This discussion is archived
1 2 3 Previous Next 38 Replies Latest reply: Nov 11, 2007 3:58 PM by 181444 Go to original post RSS
  • 30. Re: Index blocksize
    108476 Journeyer
    Currently Being Moderated
    Hi HJR,
    I think it could be improved by a bit of editing: delete everything after the first 11 words.
    Jeesh, we agree again, but for different reasons, I suspect:

    - Greg (and anyone from Oracle HQ who has extensive hands-on experience working directly with real-world clients), has way more credibility than people without access to the SE's and source code, IMHO. If you can get quotes from John Beresniewicz, &c, I'll gladly put them first.

    - Greg is credible because he only opines from his experience, which is worth more to me than any contrived tests.

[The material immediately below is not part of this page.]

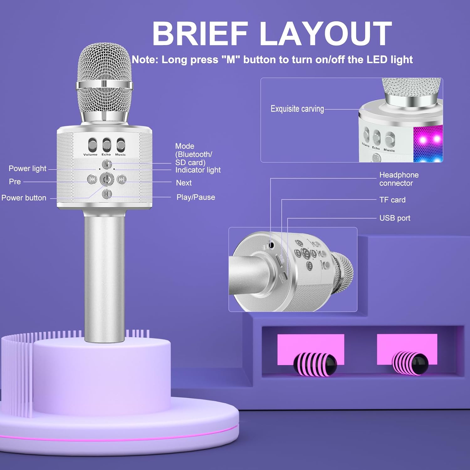 BONAOK Karaoke Microphone for Kids & Adults - Bluetooth Microphones Singing Mic with Disco Lights, Echo Effect, Built-in Speaker Portable Karaoke Player for Party Travel Gifts Q78(Silver)

    However, I’m not going to ignore evidence from people I know and trust. I will however, try to ignore anything from anonymous people without verifiable credentials.
    they used 32K blocks for the database and ONLY 32K blocks.
    Yeah, I meant to paste that into the page on large blocksizes, sorry, my bad.

    I’m still collecting real-world evidence, and if I’m incorrect in anything I’ll gladly retract it.

    If you find any verifiable contradictory real world evidence, I'll gladly include it too . . . .

    I’m only seeking the truth here . . .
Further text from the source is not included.